[HOW TO COMPLETE THIS TASK] Reproduce every line of the material below, but drop the pictures.
#### INPUT DATA
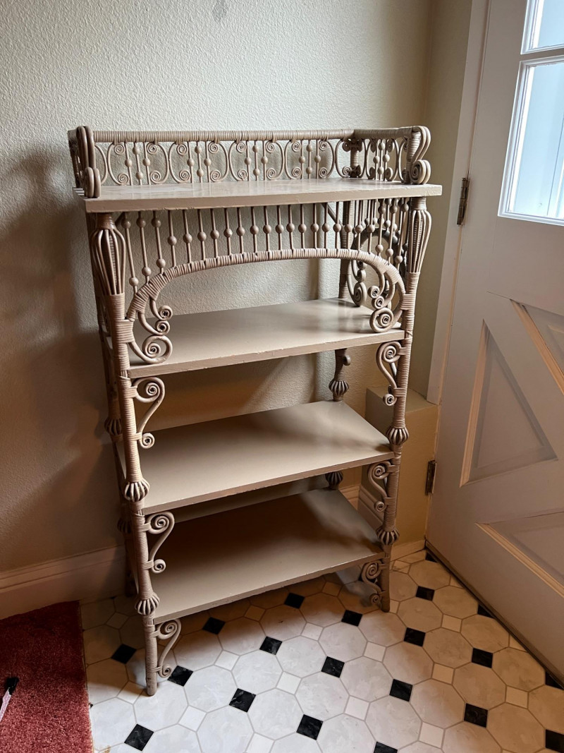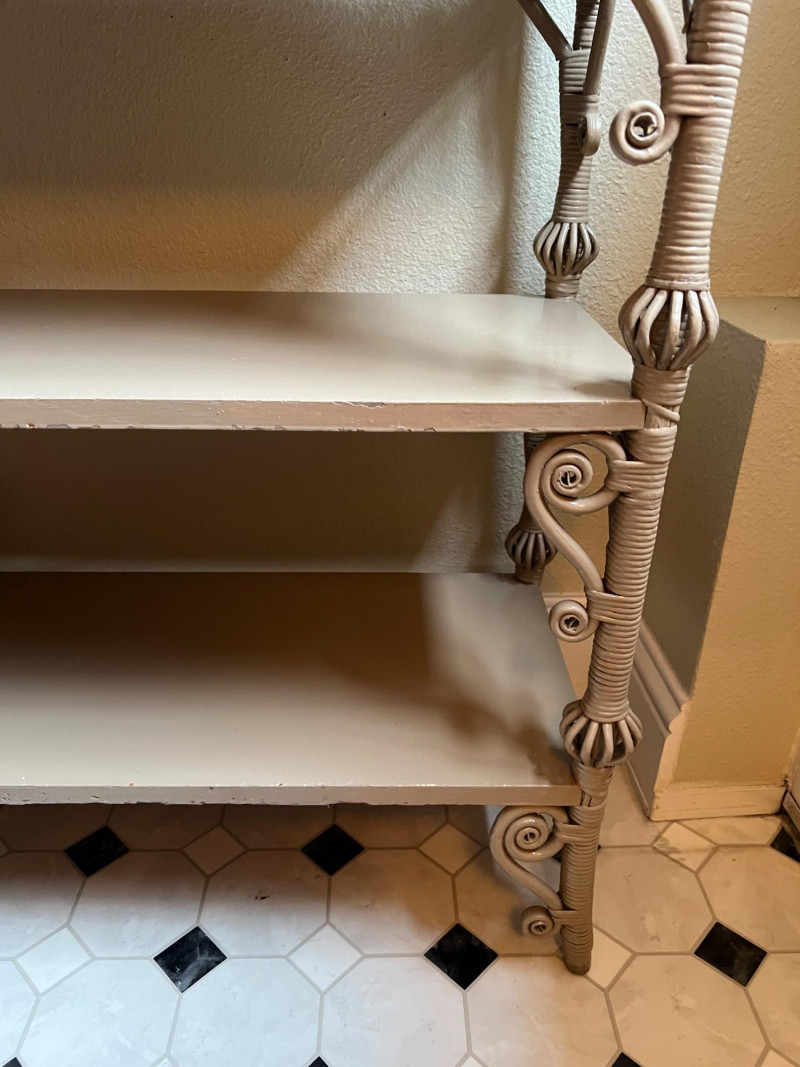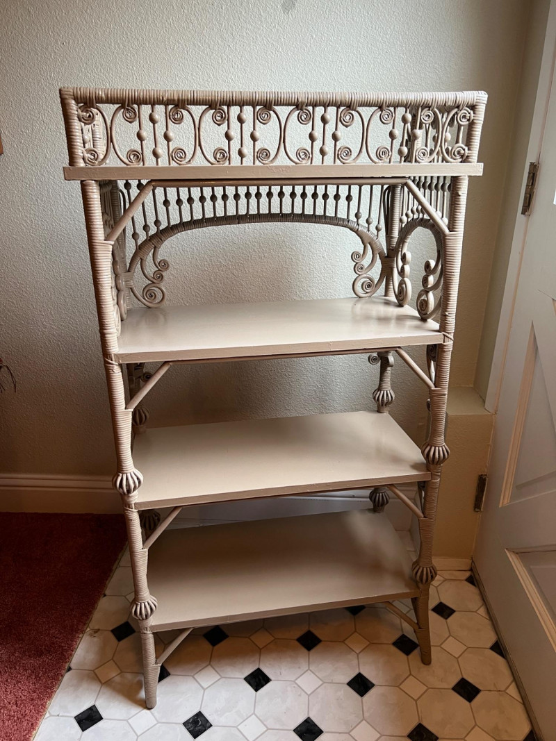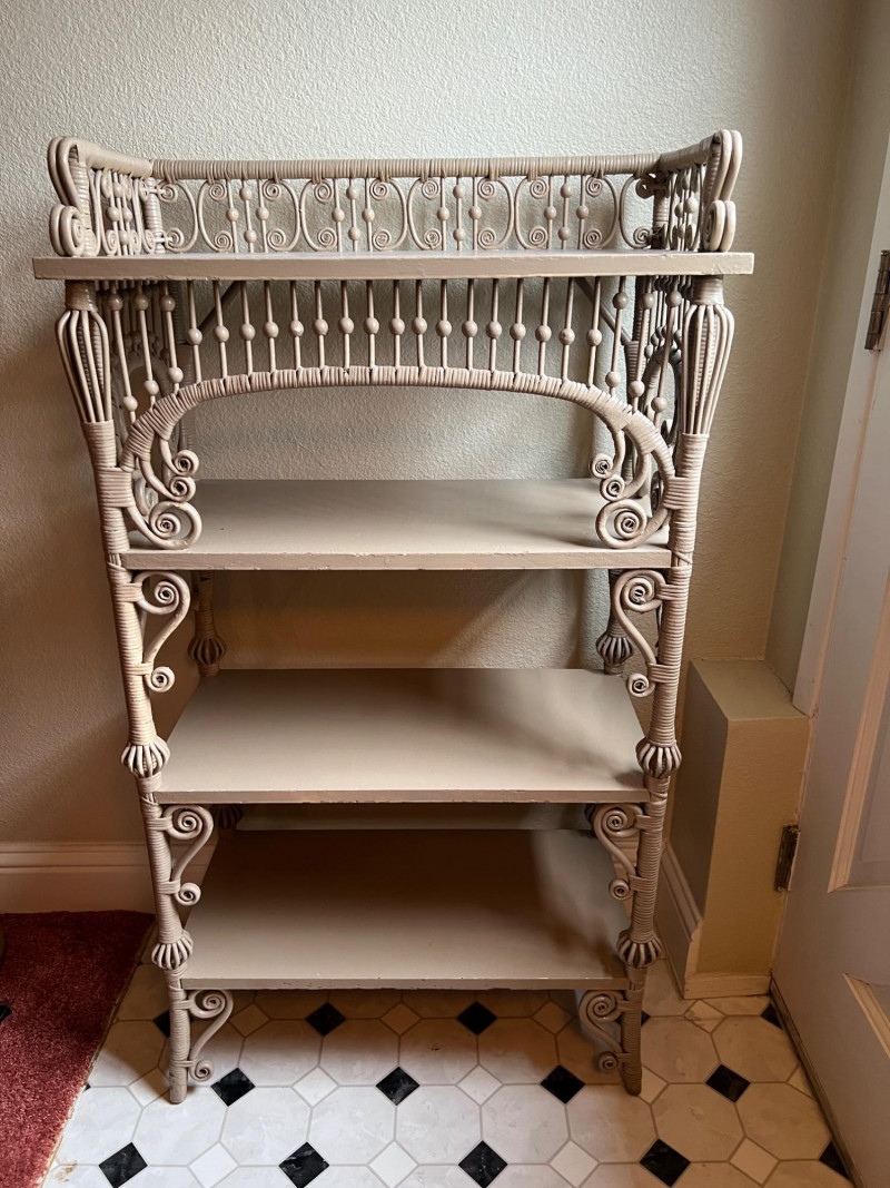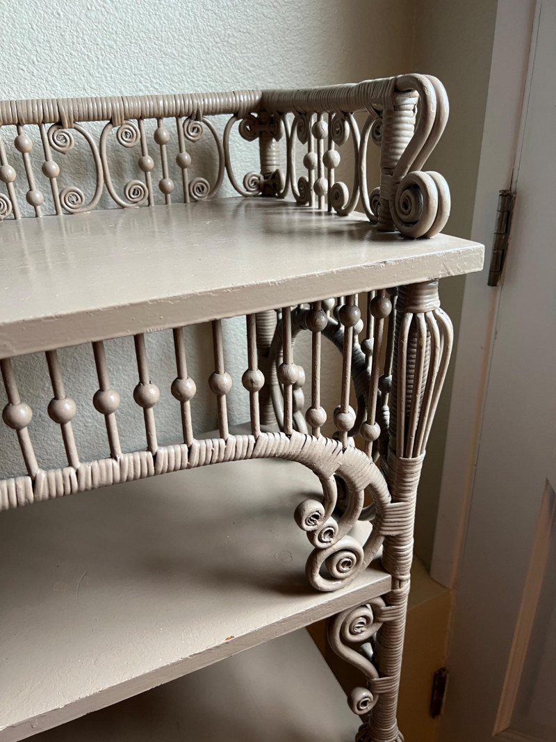 Elegant late 19th century Victorian wicker étagère featuring four graduated display shelves, intricate scrollwork brackets, and finely turned spindle gallery. Constructed with wrapped rattan over a wood frame, retaining a soft painted finish consistent with American wicker production of the period. A highly decorative and functional form, ideal for displaying ceramics, books, or collectibles. The open, airy design and sculptural details make this a standout accent piece in both traditional and modern interiors. Condition consistent with age and use, including minor surface wear to painted finish. Structurally sound and ready for use. Books & plant not included.
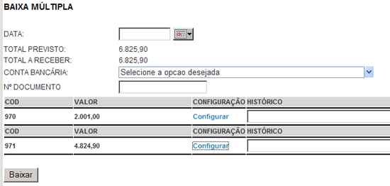 Como citado na parte de contas a pagar, a baixa múltipla tem por objetivo realizar um único lançamento no extrato bancário na conta no sistema, seguindo o mesmo histórico do extrato bancário no banco. Para realizar a baixa múltipla, é necessário fazer previamente a seleção dos lançamentos que serão baixados, assim o sistema vai totalizando à medida em que os registros vão sendo selecionados, dando o valor final para a baixa múltipla que será realizada. Após fazer a seleção dos registros, deve o usuário clicar no botão Realizar Baixa, com isso o sistema retorna nova tela para a inserção da configuração dos dados de baixa. É preciso considerar que aqui também é aplicável a questão da confirmação dos impostos previstos. Neste caso, há uma peculiaridade, pois o sistema trata de forma isolada cada lançamento, então o usuário deve fazer as configurações devidas para confirmar a operação, conforme apresentado na tela em seguida:
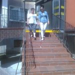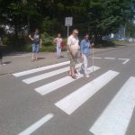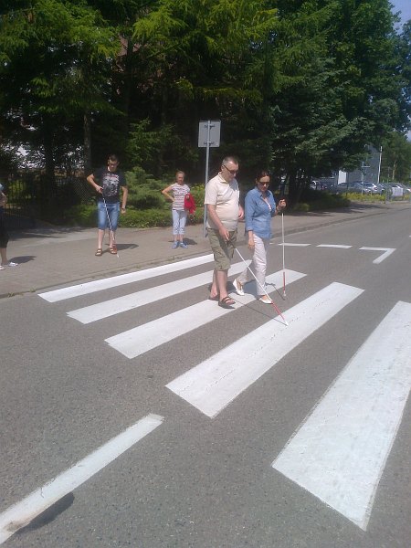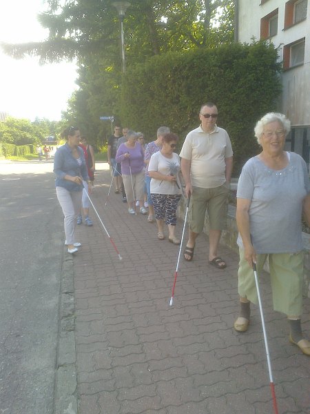 Na zajęciach z orientacji przestrzennej omówiono posługiwanie się laską. Każdy uczestnik wraz z przewodnikiem uczył się, jak prowadzić osobę niewidomą po schodach, omijania napotkanych przeszkód, przeprowadzania osoby niewidomej przez drzwi w trakcie ich otwierania i zamykania. Poruszania się po chodnikach i bezpiecznego przechodzenia przez jezdnię.
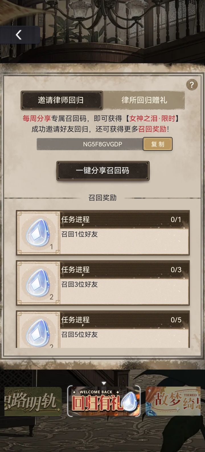 NGCFZWZXGP 回归的姐妹们可以帮忙填一下召回码吗😘😘
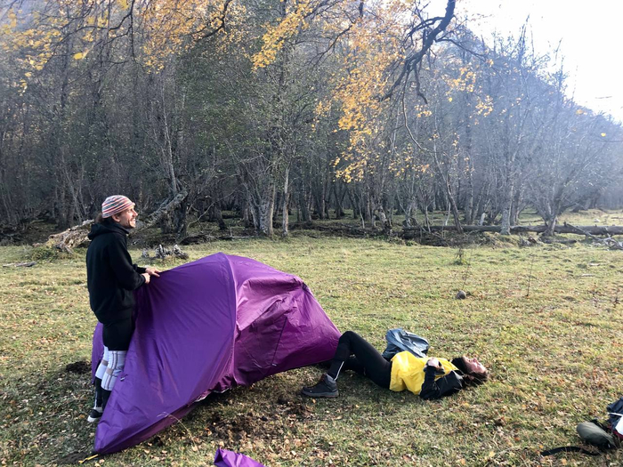 Мы решили не торопиться и взять день отдыха, подойти к перевалу и "побатонить", благо погода позволяла.
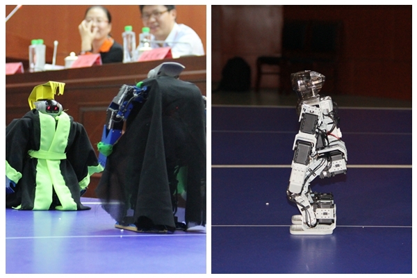 开幕式上合肥工业大学参赛团队带来的机器人舞蹈剧《荆轲刺秦》惊艳四座,赢得了满堂彩。队长吴磊说:“我们团队自成立以来就本着传统文化和现代科技相结合的原则,经过慎重考虑决定将《荆轲刺秦》这一段家喻户晓的历史赞颂用机器人的肢体语言表达出来,让更多的人感受传统文化与现代科技结合的魅力。”同样精彩的还有安徽建筑大学机器人团队带来的表演《小苹果机器人舞蹈》,迎合时尚,机器人以其娴熟的舞步,曼妙的舞姿,滑稽的动作博得全场欢呼。
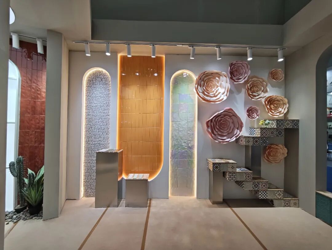 特别值得一提的是,这些小而美陶企或品牌的展位普遍不大,大部分都无法进行产品应用样板间展示,但其重不少陶企或品牌都做到了因地制宜,将产品展示做出了样板间的效果,可谓别出心裁,令人眼前一亮。
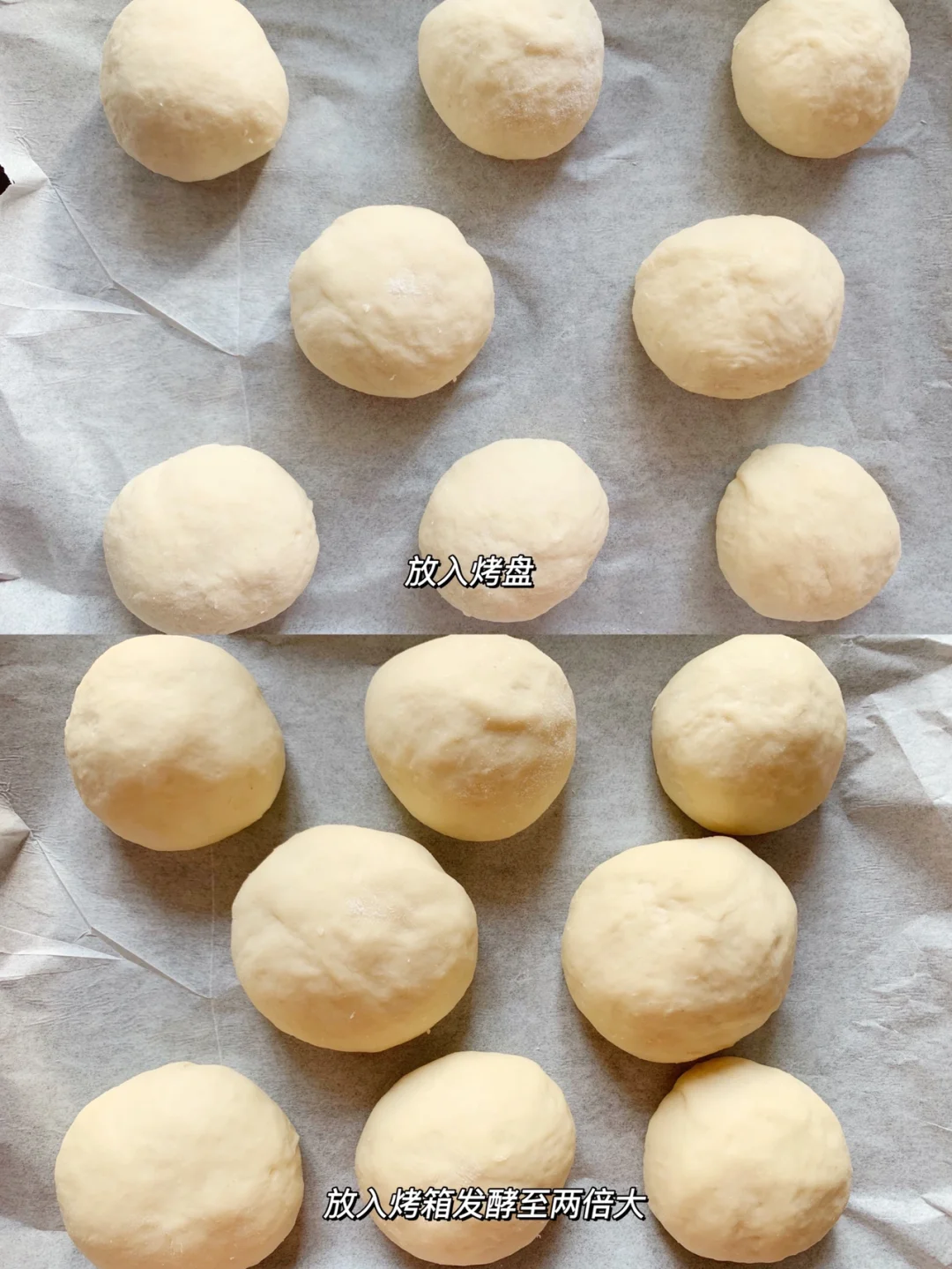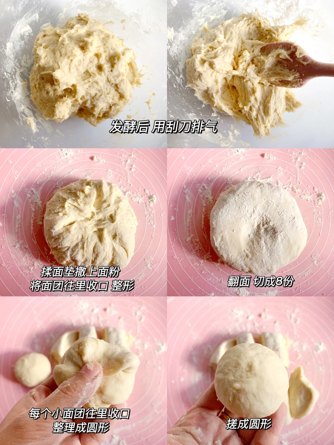 3⃣️揉面垫上撒上面粉,将面团往里收口整理成圆形,翻面切成八份,将那个面团往里折叠,捏合收口,整理成圆形,放入烤盘,放入烤箱发酵至两倍大(或者放温处)
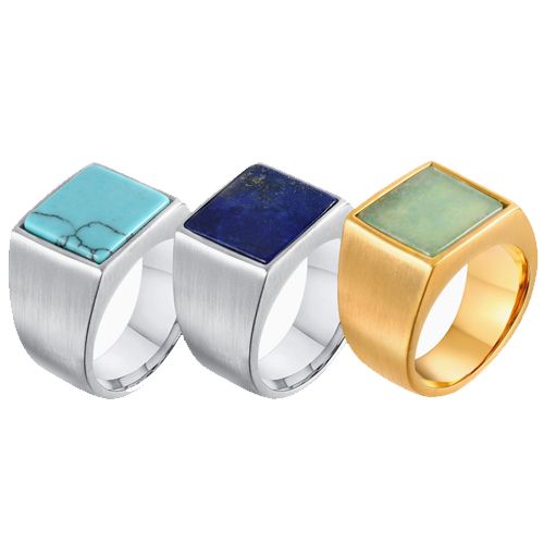 COI Titanium Gold Tone/Silver Ring With Turquoise/Created Jade/Lapis Lazuli. Comfort fit with inside round shank. A 100% tailor-made ring for you. Classic with delicated details, unsurpassed quality plus incredible value! Perfect as a wedding band, engagement ring or just for everyday wear due to its extreme comfort!
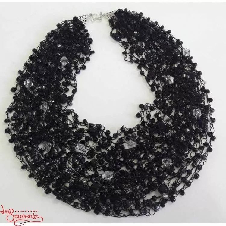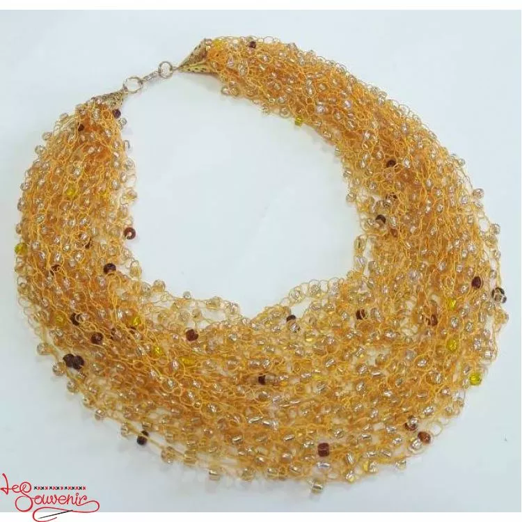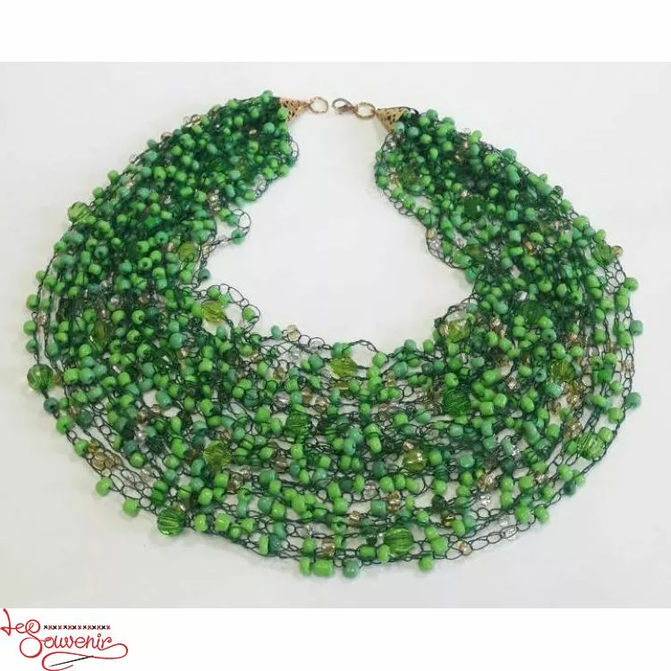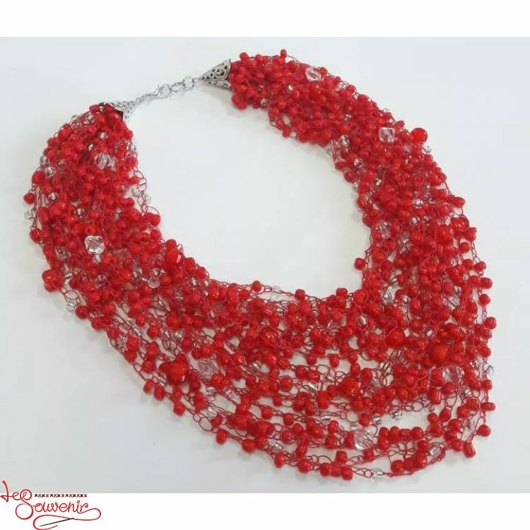 Яскраве намисто з дрібними намистинками від гуртівні Leosouvenir – це красиво і вишукано на тлі української вишиванки.
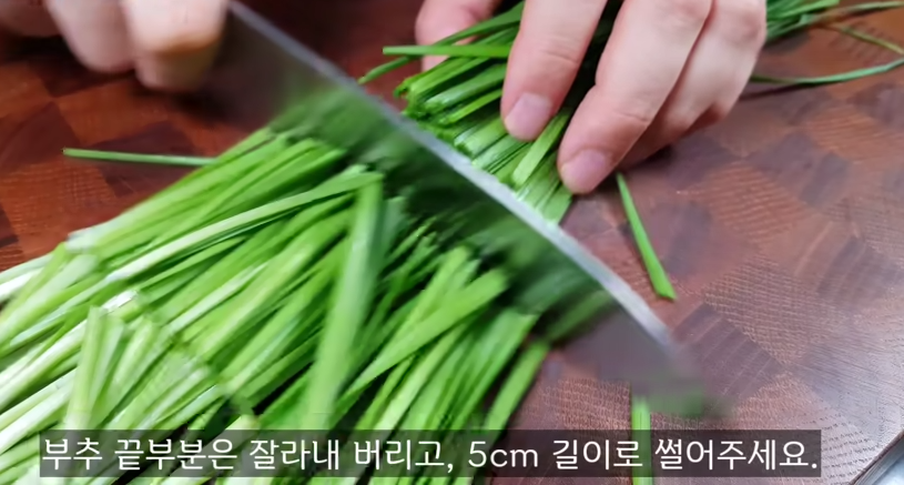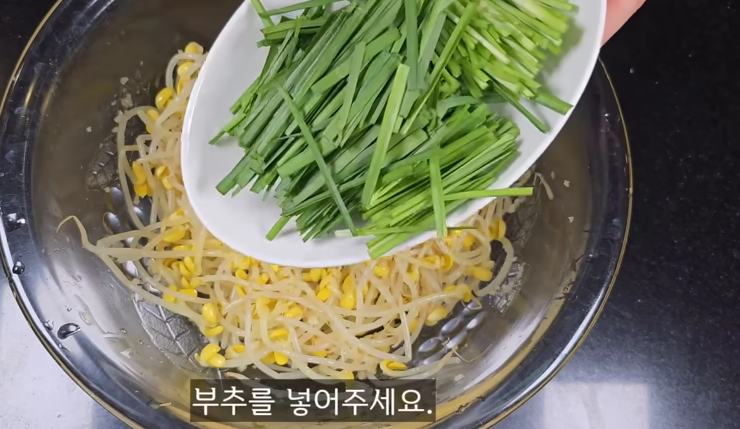 콩나물은 깨끗하게 씻어 물기를 빼주시고 부추는 끝부분을 버린 뒤 5cm정도 길이로 썰어줍니다.
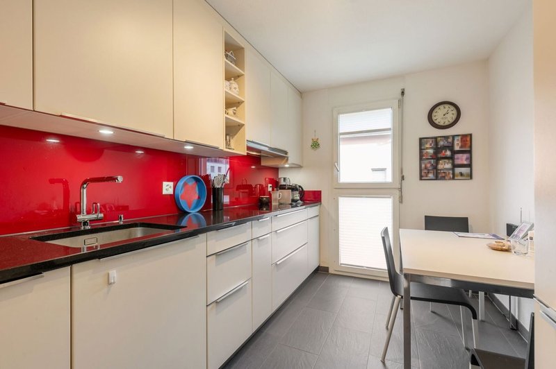 Der Eingangsbereich im 1. Obergeschoss (ohne Aufzug) erschliesst den grosszügigen und lichtdurchfluteten Wohn- und Essbereich. Die geschlossene Küche bietet viel Ablagefläche und Platz für einen kleinen Tisch - ideal für das Frühstück oder einen gemütlichen Kaffee.
########
[ANSWER TO THIS PROBLEM]
 Elegant late 19th century Victorian wicker étagère featuring four graduated display shelves, intricate scrollwork brackets, and finely turned spindle gallery. Constructed with wrapped rattan over a wood frame, retaining a soft painted finish consistent with American wicker production of the period. A highly decorative and functional form, ideal for displaying ceramics, books, or collectibles. The open, airy design and sculptural details make this a standout accent piece in both traditional and modern interiors. Condition consistent with age and use, including minor surface wear to painted finish. Structurally sound and ready for use. Books & plant not included.
 Como citado na parte de contas a pagar, a baixa múltipla tem por objetivo realizar um único lançamento no extrato bancário na conta no sistema, seguindo o mesmo histórico do extrato bancário no banco. Para realizar a baixa múltipla, é necessário fazer previamente a seleção dos lançamentos que serão baixados, assim o sistema vai totalizando à medida em que os registros vão sendo selecionados, dando o valor final para a baixa múltipla que será realizada. Após fazer a seleção dos registros, deve o usuário clicar no botão Realizar Baixa, com isso o sistema retorna nova tela para a inserção da configuração dos dados de baixa. É preciso considerar que aqui também é aplicável a questão da confirmação dos impostos previstos. Neste caso, há uma peculiaridade, pois o sistema trata de forma isolada cada lançamento, então o usuário deve fazer as configurações devidas para confirmar a operação, conforme apresentado na tela em seguida:
 Na zajęciach z orientacji przestrzennej omówiono posługiwanie się laską. Każdy uczestnik wraz z przewodnikiem uczył się, jak prowadzić osobę niewidomą po schodach, omijania napotkanych przeszkód, przeprowadzania osoby niewidomej przez drzwi w trakcie ich otwierania i zamykania. Poruszania się po chodnikach i bezpiecznego przechodzenia przez jezdnię.
 NGCFZWZXGP 回归的姐妹们可以帮忙填一下召回码吗😘😘
 Мы решили не торопиться и взять день отдыха, подойти к перевалу и "побатонить", благо погода позволяла.
 开幕式上合肥工业大学参赛团队带来的机器人舞蹈剧《荆轲刺秦》惊艳四座,赢得了满堂彩。队长吴磊说:“我们团队自成立以来就本着传统文化和现代科技相结合的原则,经过慎重考虑决定将《荆轲刺秦》这一段家喻户晓的历史赞颂用机器人的肢体语言表达出来,让更多的人感受传统文化与现代科技结合的魅力。”同样精彩的还有安徽建筑大学机器人团队带来的表演《小苹果机器人舞蹈》,迎合时尚,机器人以其娴熟的舞步,曼妙的舞姿,滑稽的动作博得全场欢呼。
 特别值得一提的是,这些小而美陶企或品牌的展位普遍不大,大部分都无法进行产品应用样板间展示,但其重不少陶企或品牌都做到了因地制宜,将产品展示做出了样板间的效果,可谓别出心裁,令人眼前一亮。
 3⃣️揉面垫上撒上面粉,将面团往里收口整理成圆形,翻面切成八份,将那个面团往里折叠,捏合收口,整理成圆形,放入烤盘,放入烤箱发酵至两倍大(或者放温处)
 COI Titanium Gold Tone/Silver Ring With Turquoise/Created Jade/Lapis Lazuli. Comfort fit with inside round shank. A 100% tailor-made ring for you. Classic with delicated details, unsurpassed quality plus incredible value! Perfect as a wedding band, engagement ring or just for everyday wear due to its extreme comfort!
 Яскраве намисто з дрібними намистинками від гуртівні Leosouvenir – це красиво і вишукано на тлі української вишиванки.
 콩나물은 깨끗하게 씻어 물기를 빼주시고 부추는 끝부분을 버린 뒤 5cm정도 길이로 썰어줍니다.
 Der Eingangsbereich im 1. Obergeschoss (ohne Aufzug) erschliesst den grosszügigen und lichtdurchfluteten Wohn- und Essbereich. Die geschlossene Küche bietet viel Ablagefläche und Platz für einen kleinen Tisch - ideal für das Frühstück oder einen gemütlichen Kaffee.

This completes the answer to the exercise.